In particular, this work demonstrates that TumFlow can identify crucial patterns and correlations between molecular structures and their predicted effectiveness against tumours like melanoma. It not only exhibits creativity in generating novel and promising molecules that have not been seen before but also has the capability to generate molecules not included in the training dataset, which already exist and have been subjected to in vivo experiments for antitumoral assessment. Although this creativity is essential for generating new drugs, there are some limitations that come with it, such as the feasibility of synthesis and the chemical instability of some generated structures.

By redefining the boundaries of possibilities within normalizing flow algorithms, the TumFlow model emerges not merely as a predictive instrument but as a designer, hopefully, of future oncological therapies. This methodology promises to diminish the time and financial constraints associated with drug discovery, steering researchers toward an era where swift, targeted, and potent cancer therapies are not merely conceivable but attainable. The TumFlow model, code, and documentation on GitHub [71] enhance reproducibility and accessibility in molecular generation. With scripts, trained weights, datasets, and a Docker container provided, it is a valuable resource for drug discovery research.

In summary, the application of the TumFlow model, as presented in this study, represents a significant advancement in the fight against cancer. This endeavour not only exemplifies the model’s current achievements but also paves the way for a myriad of advancements in anticancer treatments and patient care.

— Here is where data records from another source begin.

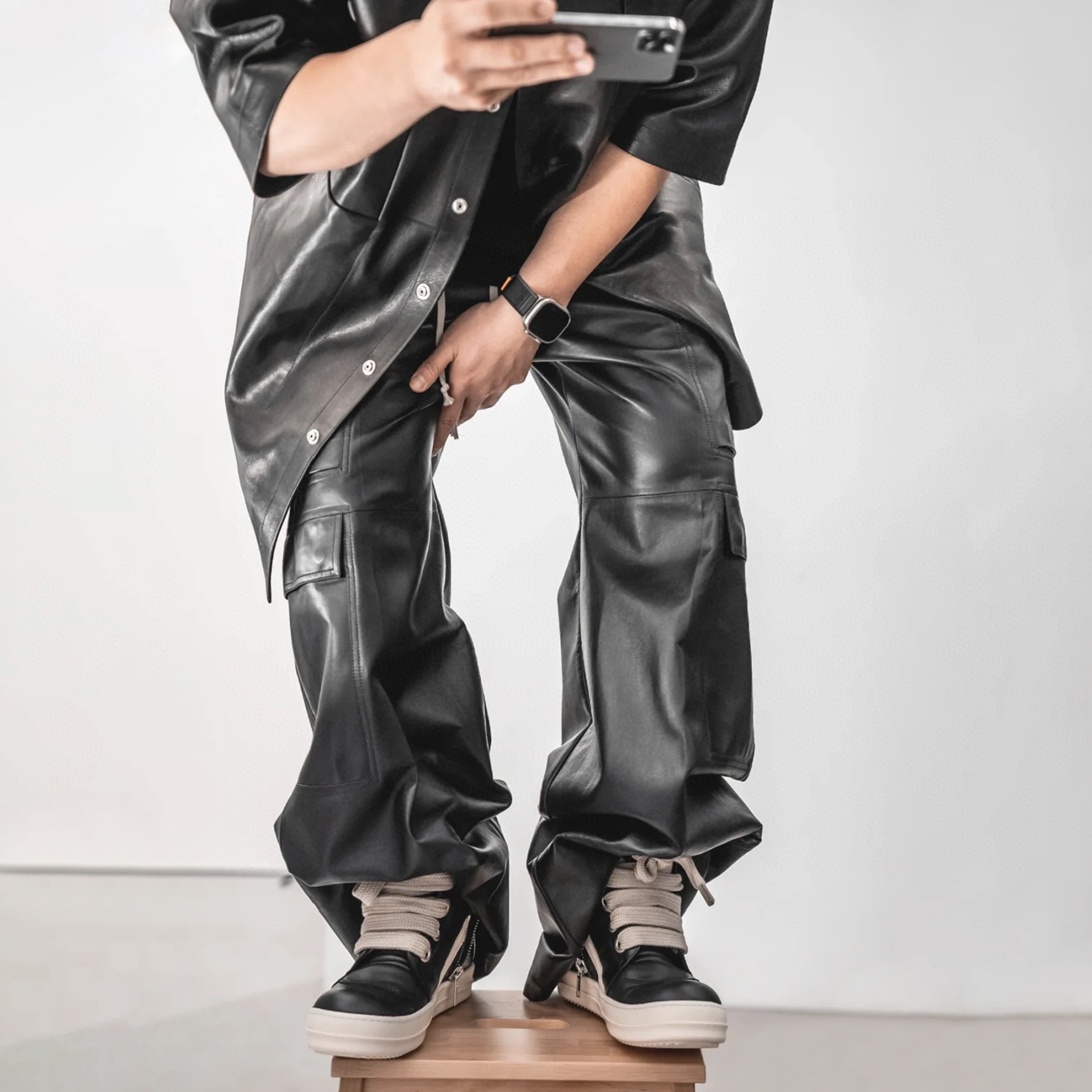 Rick Owens Multi-Pocket Leather Loose Fit Work Pants Ngvp #nigo6625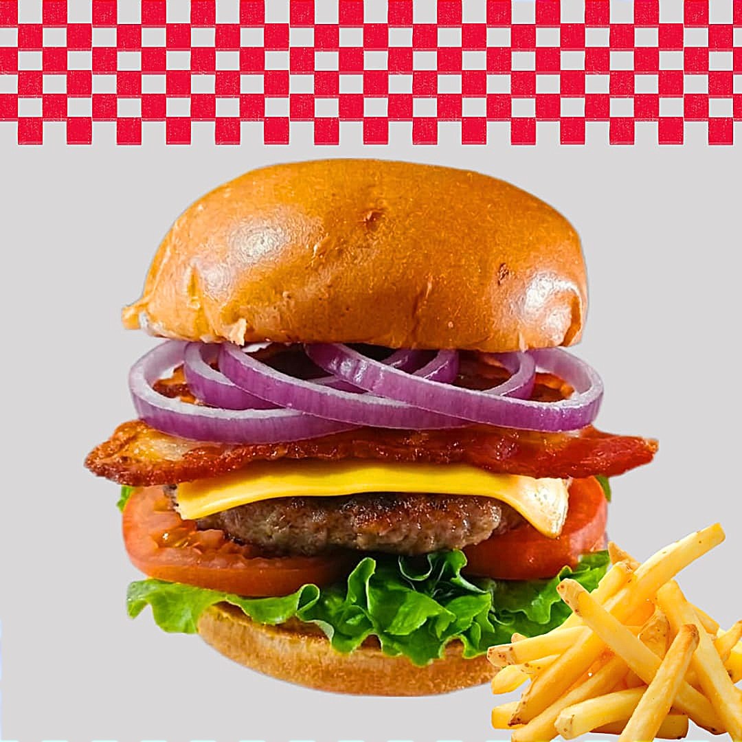 Pan brioche,Carne de res, tocino, queso americano, lechuga italiana, cebolla, tomate y aderezo de la casa. Incluye papas fritas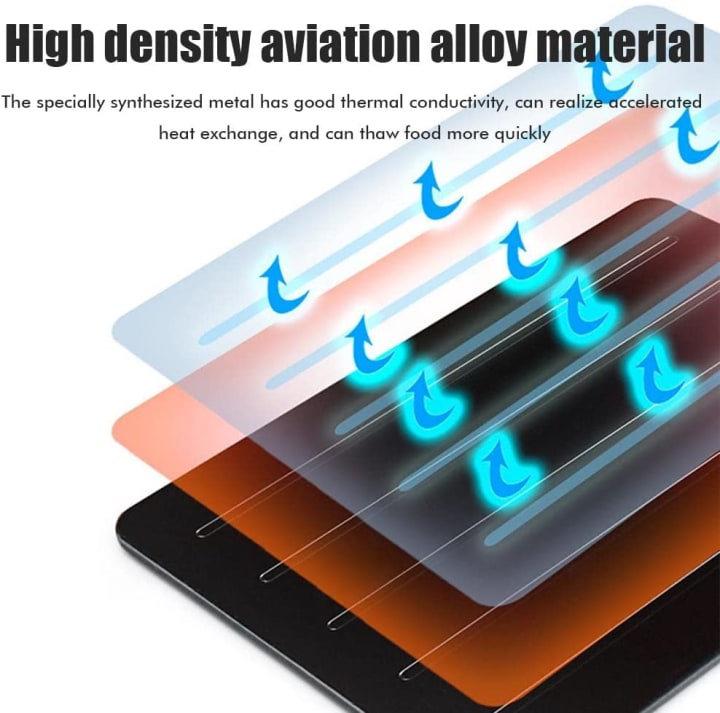 First off, let me tell you a little bit about the thawing plate itself. Made from high-quality aluminum, this plate is designed to help thaw your frozen meats and vegetables in a natural and safe way. Unlike traditional thawing methods like microwaving or leaving your food out on the counter, this plate uses the power of thermal conductivity to defrost your food quickly and evenly. This means that your food won't end up partially cooked or soggy, but instead will retain its original texture and flavor.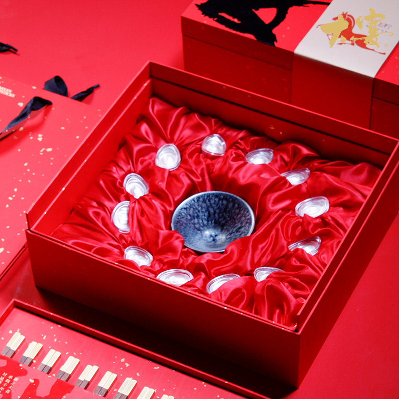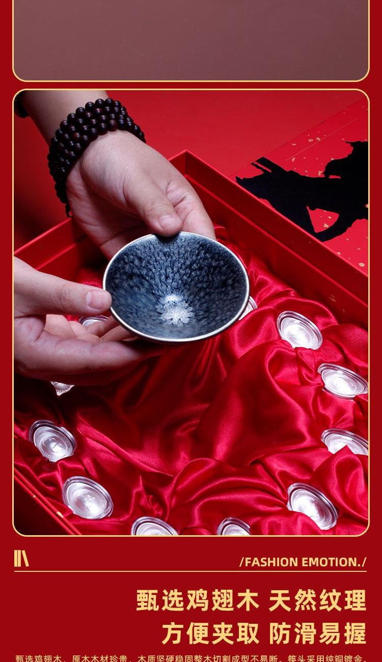 雞翅木筷x12 十二生肖銀錠元寶(10g) x12 (成色:足銀999) 非遺百花斗笠建盞*1 含收藏證書 珍貴價值999純銀10克生肖元寶總計12枚保值驚喜 非遺百花斗笠建盞非遺有收藏證書 價值感拉滿 黃銅紅木筷可以私人定制專屬 讓禮贈更用心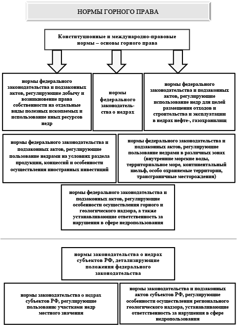 Кроме того, в указанной совокупности норм горного права можно определить признанную в российской правовой системе иерархию, выделив нормы законодательных актов и нормы подзаконных актов. В совокупности норм, относимых к горному праву, можно очертить структуру, выделив нормы горного права, принимаемые: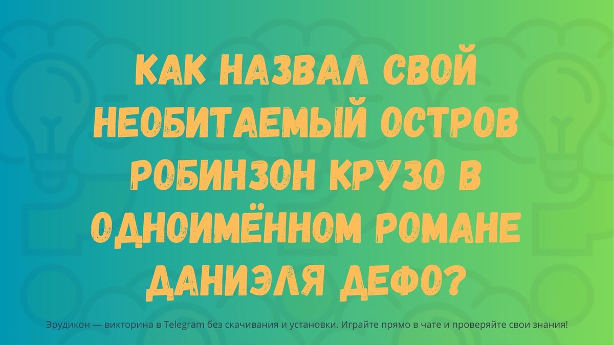 Викторина «Эрудикон» — вопрос №1469. Как назвал свой необитаемый остров Робинзон Крузо в одноимённом романе Даниэля Дефо?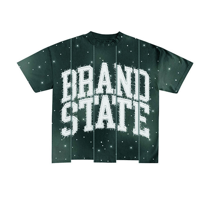 Camiseta Personalizada con Bordado de Diamantes de Imitación con Efecto Desgastado por el Sol, 100% Algodón, Diseño Unisex Moderno y Urbano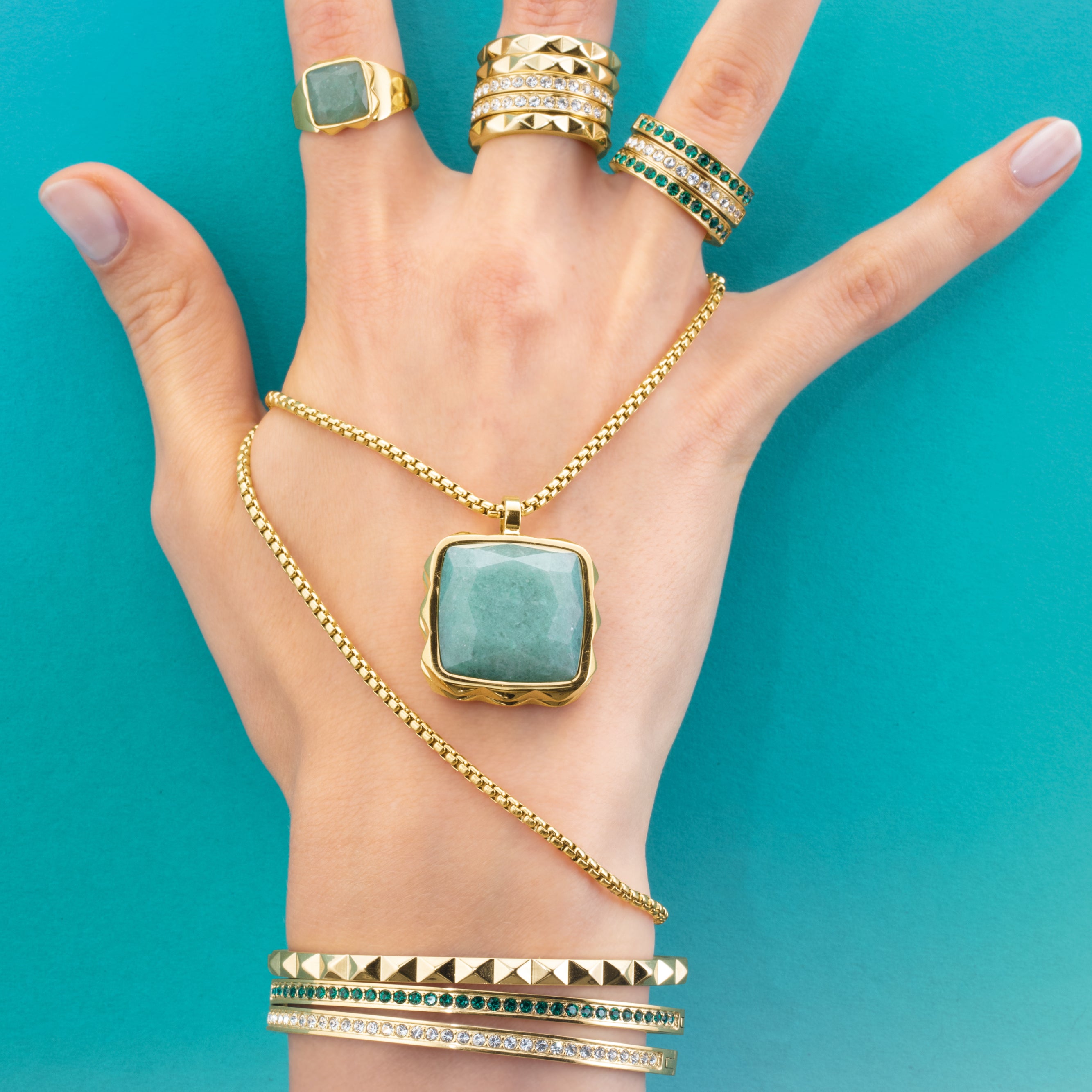 Immerse yourself in the fascinating world of our Essentials collection and complete your look with the matching rings for our stunning genuine stone necklace - Amulet Spikes Square Aventurine Gold-green....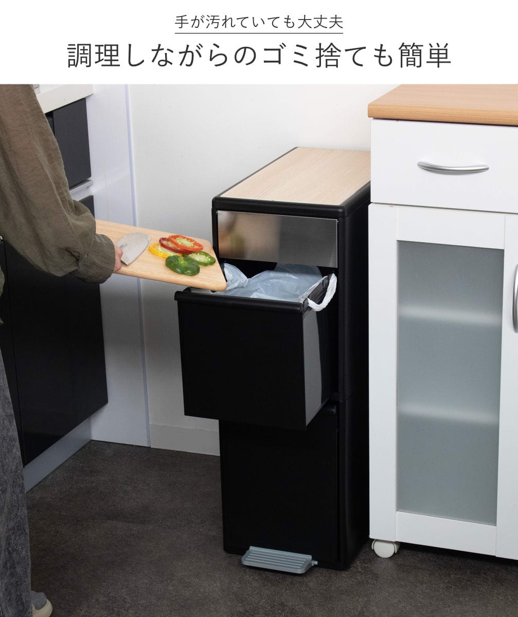 上段にはプッシュすれば、片手でサッとゴミを捨てられるスイング式のふたがついています。汚れの落ちやすいステンレス素材を使用しており、お手入れしやすく美しい外観を保てます。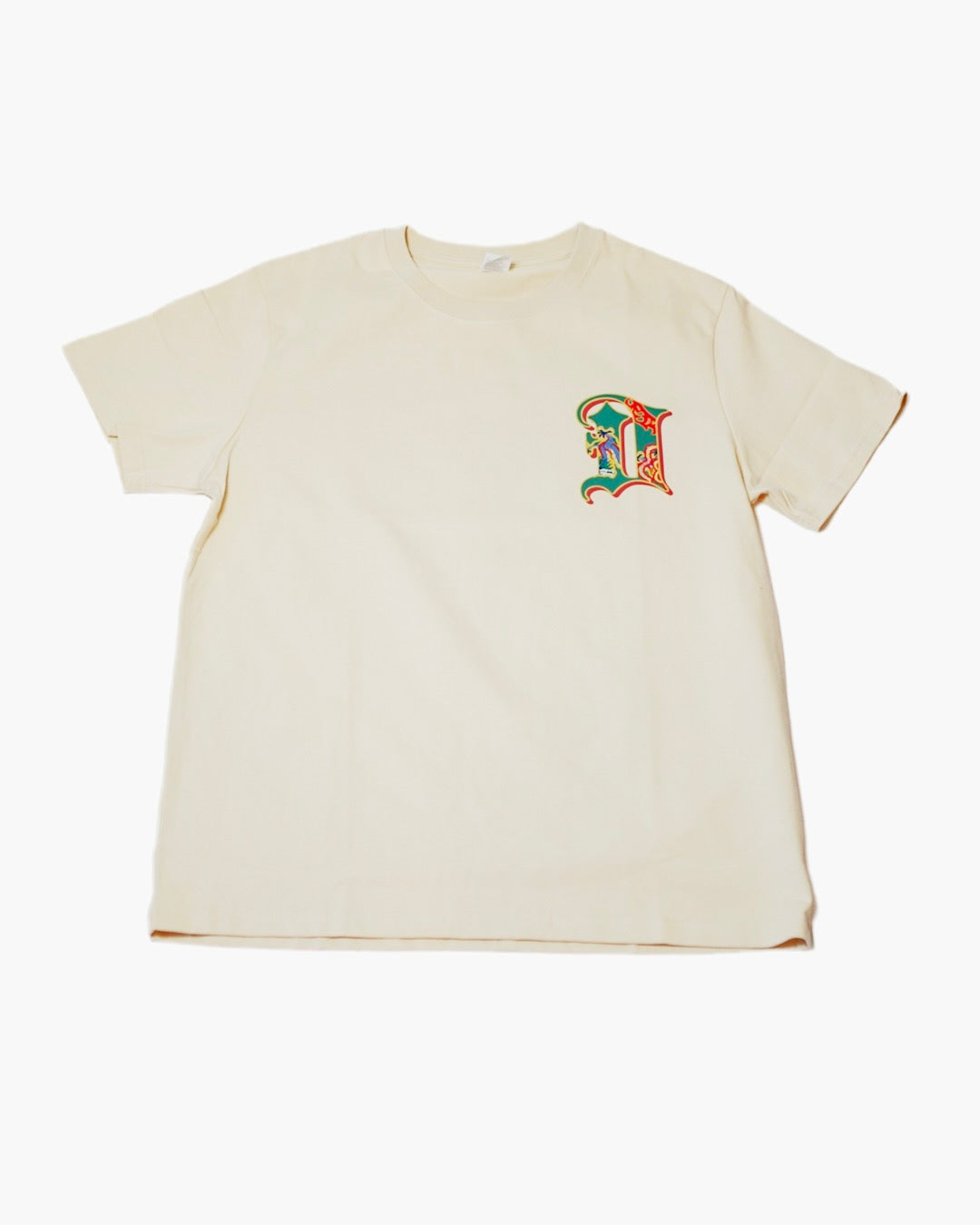EXCLUSIVE DROP** DYNASTY Cream Badge Edition Series Tee with Green Logo on front and back of shirt.

Future research should consider various strategies to advance and increase the efficacy of the model presented in the context of oncological studies. One of these is the integration of broader and more diverse datasets, encompassing a wide variety of cancer types and molecules. Indeed, by exploiting drugs addressing different types of cancer, the model could learn complementary information that could enhance the discovery of new and more effective molecules. Moreover, given TumFlow’s tendency to generate energetically unstable complex structures, future works will consider the inclusion of the SAS values during the generation process and the inclusion of metrics to account for the energetic stability of the molecule. Additionally, incorporating information on the inhibition, lethality, and toxicity of antitumour molecules could provide an even more accurate algorithm for predicting new anticancer drugs. Another critical aspect is the continual enhancement of the computational and algorithmic capabilities of the model, to tackle challenges like interpreting molecular mechanisms and predicting drug side effects and resistance with the purpose of optimizing the molecules to yield better properties.